I’m fine with manually deleting the lines that have an identical number match.

Any help is appreciated, thank you

guy038

Hello, @jim-erlich,

Before finding a way to solve your problem, we need additional information :

In your previous post, which is deleted by now, you spoke about a giant file : what is the approximative size and how many lines contains this file ?
Do you mind if your file is modified by a preliminary sort ? If you don’t mind, this could, significantly simplify all the process ! )
How many digits can exist after the # symbol ? Is 5 the maximum or 8 or 10 digits or … ?
What is the maximum of lines between two “duplicate” lines ( for instance xxxxxxxx#2345 and yyyyyyyy#12345 )
Are they more than 2 'duplicate" lines ( I mean, for instance, 6 lines ending with #12345 )
In case of multiple “duplicate” lines, which one you want to keep : the first duplicate line or the last duplicate ?

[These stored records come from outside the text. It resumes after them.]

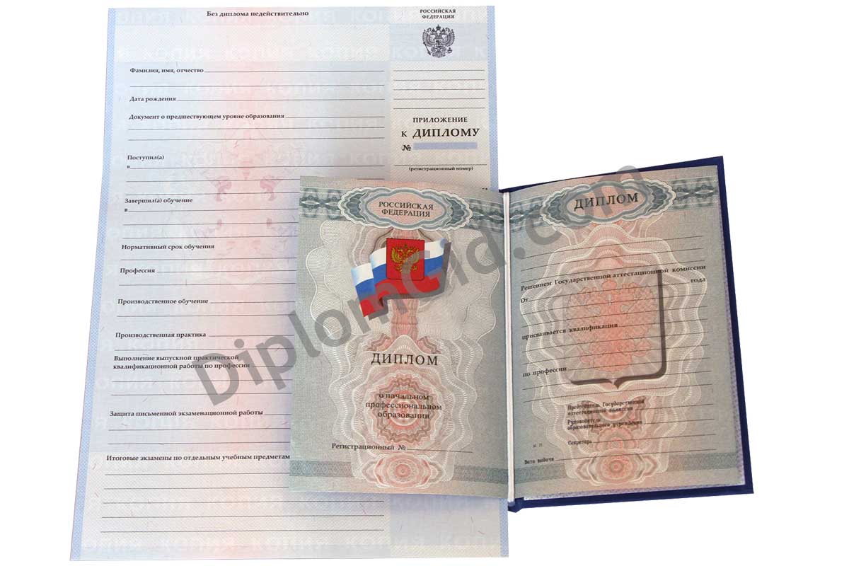 Диплом об окончании училища (диплом о начальном профессиональном образовании) в 2007, 2008, 2009, 2010 годах на государственном бланке (Гознак). Настоящий диплом со всеми степенями защиты.
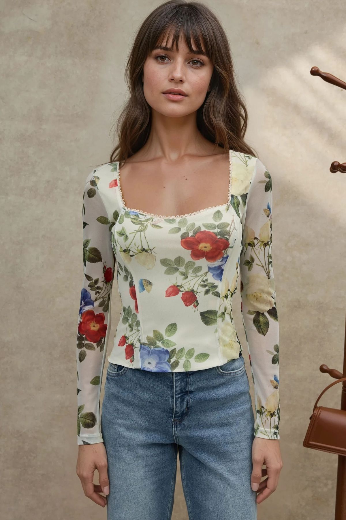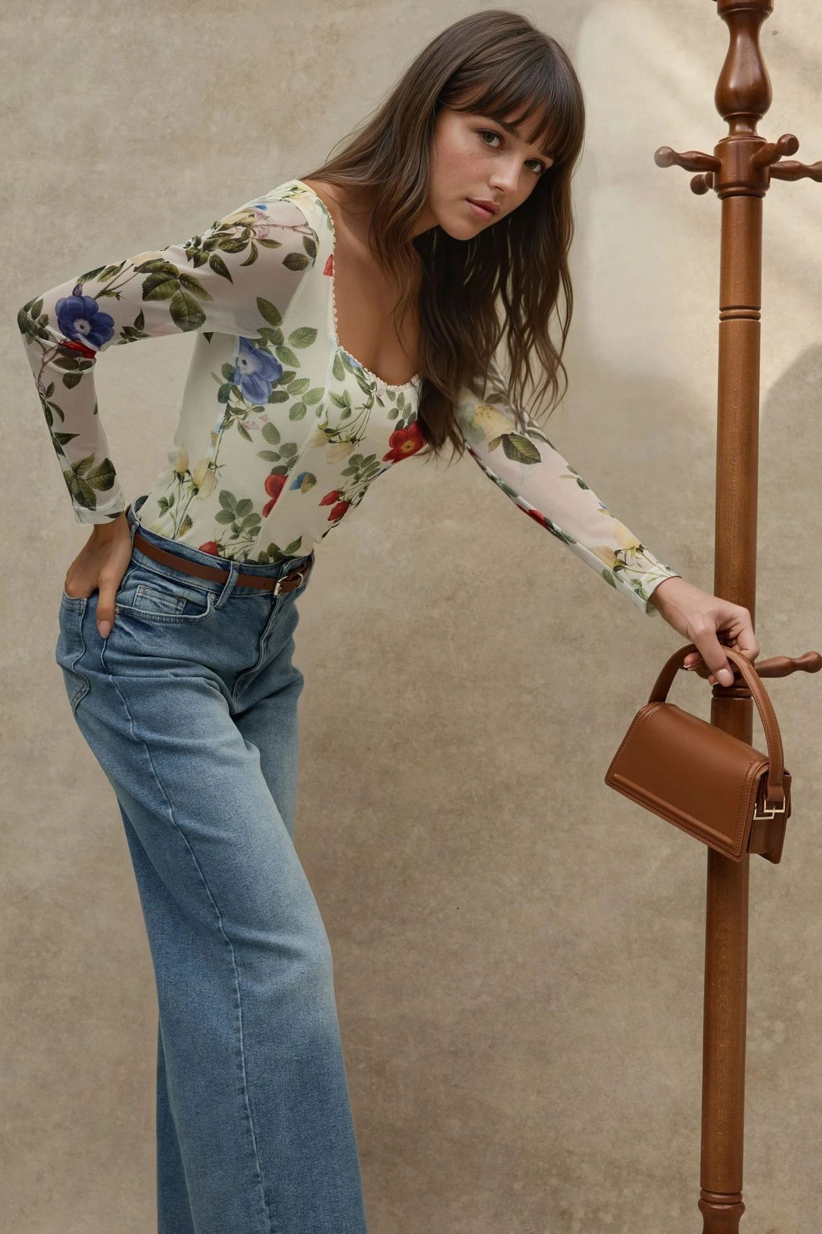 Kalp Yaka Baskılı Uzun Kollu Üst Kalp Yaka Baskılı Uzun Kollu Üst MB50WS1Q XL
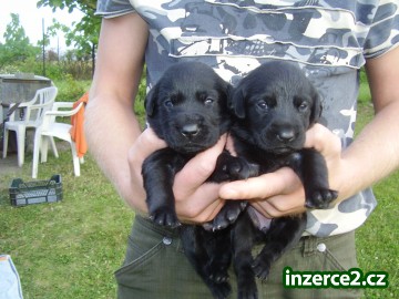 Prodám štěňata labradora bez PP. K odběru kolem 20. srpna. Štěňata budou na očkována. Oba rodiče možno vidět. Na fotce matka s otcem.
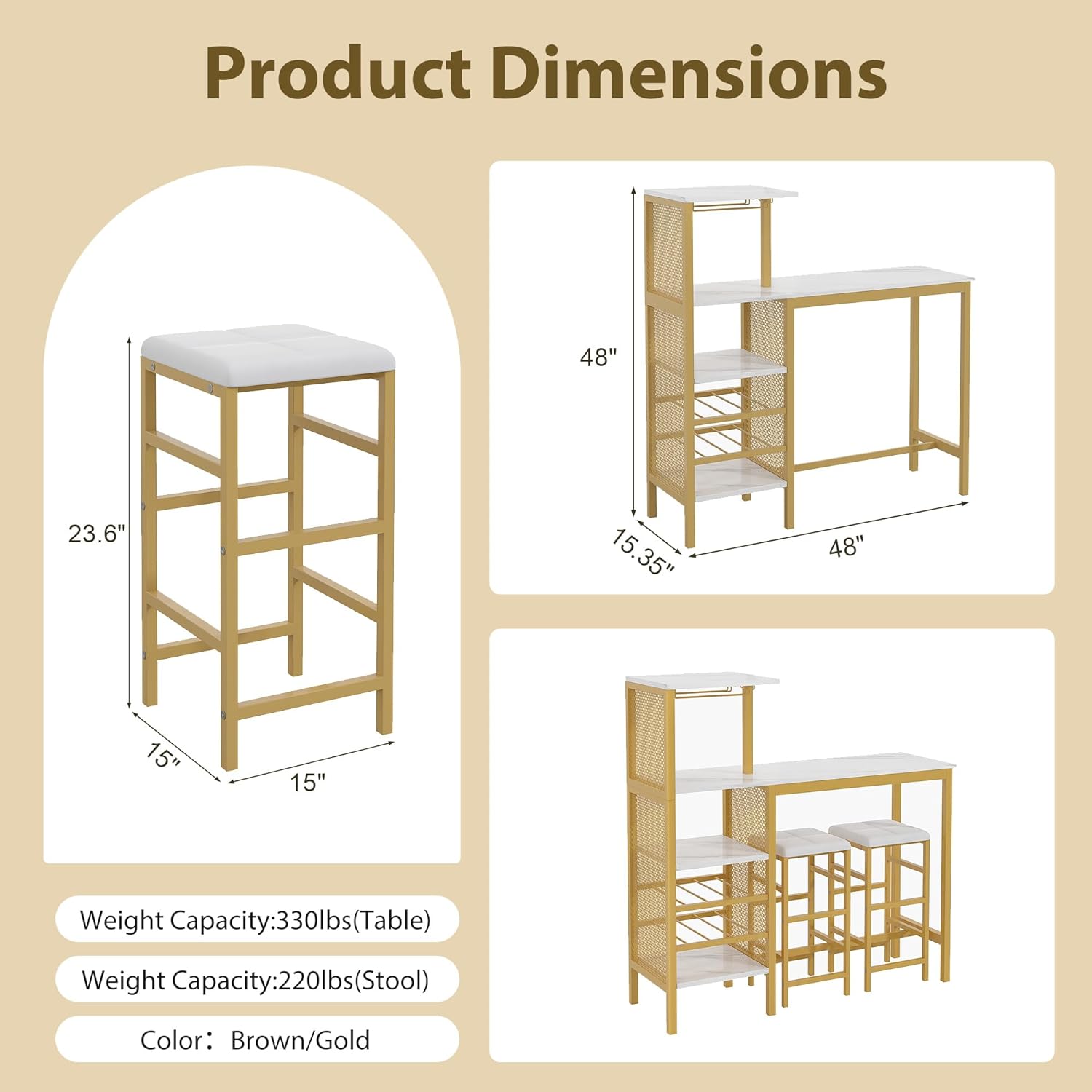 VECELO Bar Table and Chairs Set for 2, 3-Piece Dining Set with Storage Shelves, Cup Holder & Wine Rack, PU Leather Cushion Stools, for Kitchen Small Space, Gold
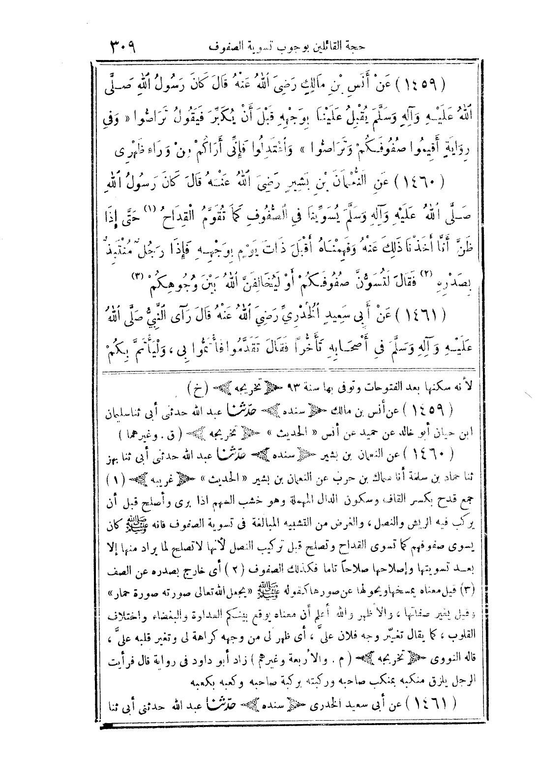 (1459) عن أنس بن مالكٍ رضى الله عنه قال كان رسول الله صلَّى الله عليه وآله وسلَّم يقبل علينا بوجهه قبل أن يكبِّر فيقول تراصُّوا "وفى روايةٍ أقيموا صفوفكم وتراصُّوا" وأهتدوا فإنىِّ أراكم من وراء ظهرى
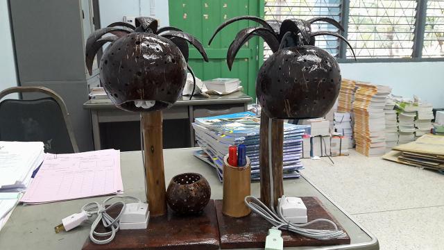 สรุปแนวคิดและความเป็นมาของการประดิษฐ์ผลงาน มาจากปัญหาอะไรจึงการประดิษฐ์ผลงานมาแก้ปัญหา(ไม่ควรเกิน 6 บรรทัด) โคมไฟจากกะลามะพร้าวไล่ยุง เป็นการสร้างสิ่งประดิษฐ์ที่มีอยู่จากเศษวัสดุเหลือใช้และจากวัสดุธรรมชาติ โดยทำมาจากกะลามะพร้าว เนื่องจากทางคณะผู้จัดทำ ต้องการให้ภายนอกมีความอ่อนโยนดูสวยงามจึงใช้แชลคเคลือบ ทั้งนี้ได้มีการใช้หลอดไฟที่สามารถไล่ยุงได้มาประกอบให้เป็นโคมไฟจากกะลามะพร้าวให้สมบูรณ์ และเกิดประโยชน์สูงสุดในราคาในประหยัดสามารถหาอุปกรณ์ตามทิ้งถิ่นได้
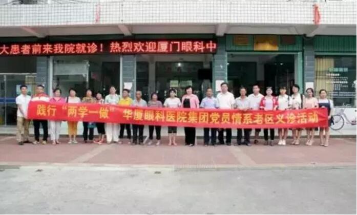 2016年6月25日,在紀(jì)念中國(guó)共產(chǎn)黨誕辰95周年之際,結(jié)合“兩學(xué)一做”,集團(tuán)黨委開(kāi)展“重走紅軍路,送醫(yī)到老區(qū)”活動(dòng)。華廈眼科醫(yī)院集團(tuán)黨委書(shū)記陳寶貴組織全體黨員到閩西革命老區(qū)龍巖連城新泉鎮(zhèn),慰問(wèn)當(dāng)?shù)匮奂怖щy戶(hù),并為300多位眼疾患者做篩查,深受老區(qū)群眾贊譽(yù);
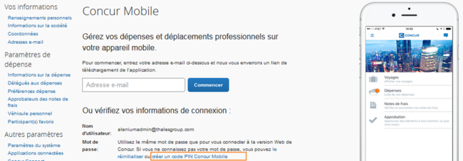 - Etape 4 : Cliquez sur Créer un code PIN Concur Mobile (ne cliquez jamais sur "réinitialiser le mot de passe", le lien ne fonctionne pas avec une connexion SSO)
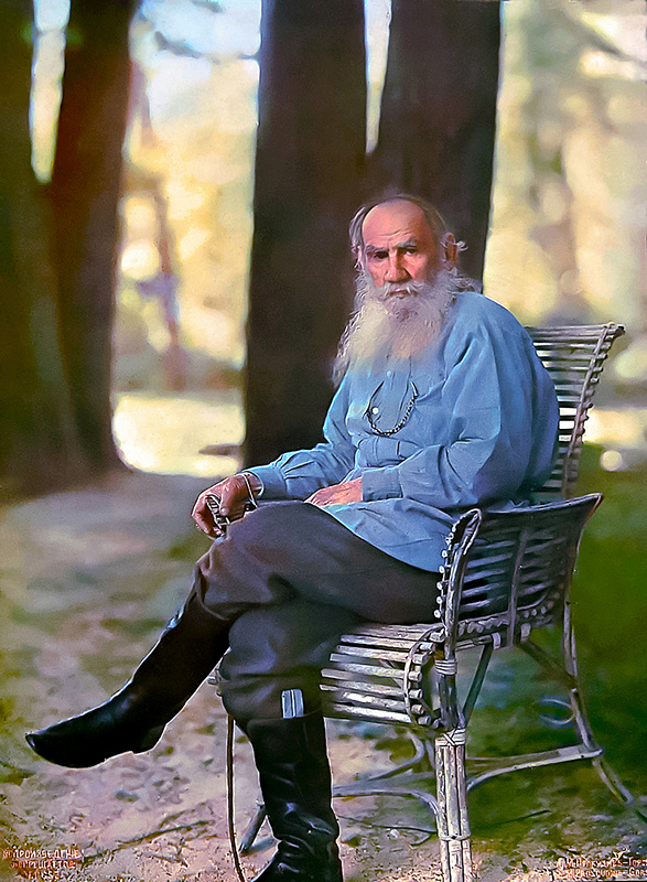 Единственный цветной портрет Льва Толстого относится к числу самых ценных и известных фотографий Прокудина-Горского. Снимок сделан 23 мая 1908 года, незадолго до 80-летия писателя. В начале месяца Прокудин-Горский — к тому времени авторитетный ученый, широко известный и в России, и за рубежом, — написал Льву Толстому письмо с предложением сделать его цветной фотопортрет. Разрешение на приезд было получено. В Ясной Поляне Сергей Прокудин-Горский провел два-три дня и сделал несколько фотографий Льва Толстого и его имения. Однако большая часть оригиналов этой серии была утрачена. Цветоделённые негативы сделанных Прокудиным-Горским портретов Льва Толстого не найдены. Этот портрет воспроизведен с авторского литографского оттиска.
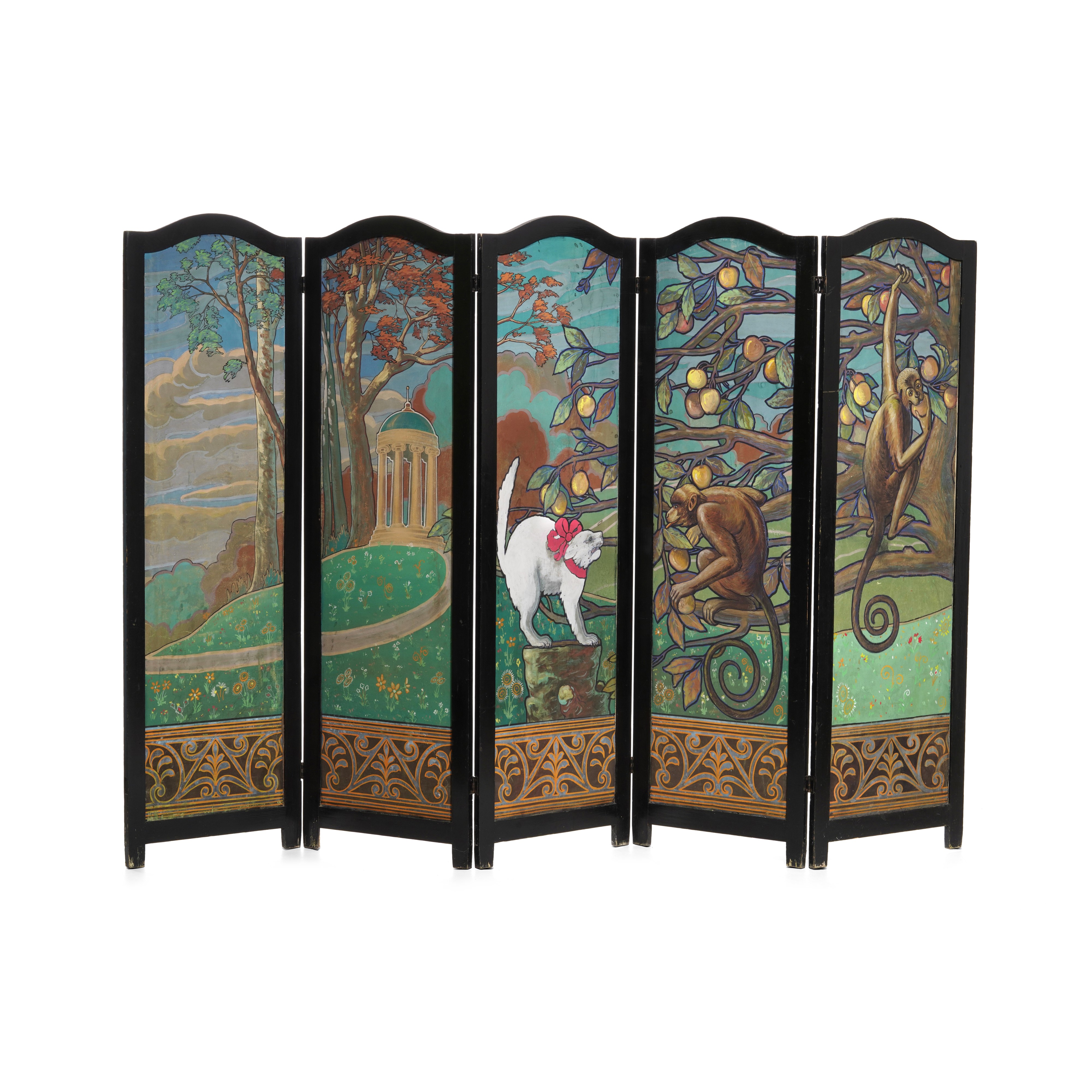 Paravento in legno ebanizzato dipinto in policromia con paesaggio con scimmie e gatto

Note that we can cope with a possible space character between the # symbol and the number Not a problem !

See you later !

Best regards,

guy038

Jim Erlich

@guy038 said in Delete line with duplicate Number:

Hello, @jim-erlich,

Before finding a way to solve your problem, we need additional information :

In your previous post, which is deleted by now, you spoke about a giant file : what is the approximative size and how many lines contains this file ?

Do you mind if your file is modified by a preliminary sort ? If you don’t mind, this could, significantly simplify all the process ! )

How many digits can exist after the # symbol ? Is 5 the maximum or 8 or 10 digits or … ?

What is the maximum of lines between two “duplicate” lines ( for instance xxxxxxxx#2345 and yyyyyyyy#12345 )

Are they more than 2 'duplicate" lines ( I mean, for instance, 6 lines ending with #12345 )

In case of multiple “duplicate” lines, which one you want to keep : the first duplicate line or the last duplicate ?

Note that we can cope with a possible space character between the # symbol and the number Not a problem !

See you later !

Best regards,

guy038

12,000 lines broken up into different pages. Each page can have 300 to 1,100 lines.
Right now the lines are in Ascending order based upon the number.

For example:
The dog went to the park - #4599
The cat went to the park - #4657
The kid went to the park - #4797
The lizard went to the zoo - #5100
The cat went to the zoo - #5120
etc…

Ideally, I would like to keep the numbers in Ascending order like this, and locate the lines that have duplicate numbers

The number of digits after the # symbol is 1 to 5… the highest number being about 14000
Oh this is good… the duplicate line that has the duplicate number SHOULD BE on the next line. So it will be like this

For example:
The dog went to the park - #12554
The cat went to the park - #12554

^^^ The formula should say “Hey!! These two numbers are identical” and then I will delete one of them manually.

There will be only 2 ‘duplicate’ lines. There will not be 6 lines ending with #12345
Keep the last duplicate line, delete the first

I hope this is clear, let me know if there is anything else.

Thank you

guy038

Hi, @jim-erlich and All,

Many thanks for all your information ! It should be very easy to get the right solution !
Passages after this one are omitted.